SI TORNA A PARLARE DI DUCATI IN VENDITA
L’ipotesi della vendita della Ducati appare più credibile se non altro perché la questione era già stata affrontata 11 anni fa, caratterizzando la calda estate del 2017. Anche all’epoca Wolfsburg secondo Reuters sarebbe stata vicina a cedere la scuderia motociclistica italiana acquisita da Audi appena cinque anni prima, nel 2012. E in quell’occasione si arrivò persino a ipotizzare un possibile compratore: la famiglia Benetton che avrebbe messo sul tavolo 1,2 miliardi di dollari giocando notevolmente a ribasso rispetto alla cifra di 1,5 miliardi chiesta – sempre secondo le agenzie di stampa – dal costruttore tedesco. All’epoca peraltro diversi Gruppi indiani erano in prima fila, da Hero Motorcorp a Bajaj Auto: oggi potremmo prevedere invece un lungo codazzo di marchi cinesi ben felici di mettere nel portafogli simili blasoni.
IL TORO DI LAMBORGHINI CORRE LONTANO DA AUDI?
Com’è noto, nel 2012 la voce della vendita di Ducati rimase tale: Volkswagen decise di tenersela stretta, anche perché trovò il muro dei sindacati. Riprende però vigore adesso che la situazione finanziaria del Gruppo è drasticamente mutata. E gli stessi rappresentanti dei lavoratori sembrano aver capito che dovranno accettare ben più di qualche compromesso: pragmaticamente, meglio allora vendere all’estero che tagliare ancora di più in Germania.
I RECORD DELLA LAMBO
Quanto a Lamborghini, non sarebbe poi così impensabile una futura quotazione separata dal gruppo madre utile a fare cassa, sulla scia dell’Ipo di Porsche, che si concretizzò come si ricorderà solo dopo anni di indiscrezioni e ripensamenti.
Quel che è certo, è che mentre tutti i marchi tedeschi del Gruppo soffrono, inclusa la scuderia Porsche, Automobili Lamborghini ha appena infranto un nuovo record di consegne, pari a 10.747 vetture, e ha chiuso il 2025 con il miglior fatturato della sua storia, superando per il secondo anno consecutivo la soglia dei 3 miliardi e raggiungendo quota 3,20 miliardi, in crescita del 3,3% rispetto all’anno precedente. A fronte delle difficoltà del mondo occidentale dell’auto, la Casa di Sant’Agata Bolognese ha registrato un risultato operativo pari a 768 milioni e una profittabilità del 24%, solo lievemente in calo rispetto all’anno precedente.

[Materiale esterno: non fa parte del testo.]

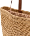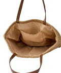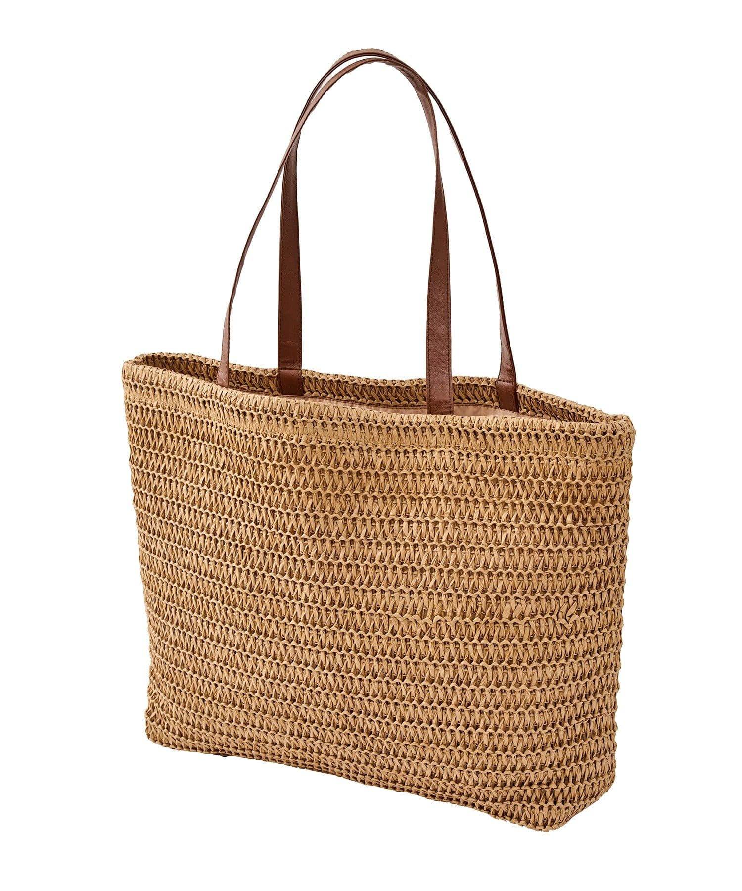 ●ナチュラルなペーパー素材にフェイクレザーハンドルを合わせた、おしゃれなペーパーバッグ。

Si tratta insomma del gioiello della corona del Gruppo Volkswagen, per questo l’ipotesi di un debutto in Borsa come entità separata sembra quella più credibile allo stato attuale, dal momento che peraltro lascerebbe socchiusa la possibilità per Vw di riappropriarsi di parte delle quote nel prossimo futuro, se riuscirà mai a lasciarsi nello specchietto retrovisore questa crisi che sembra ingigantirsi sempre più.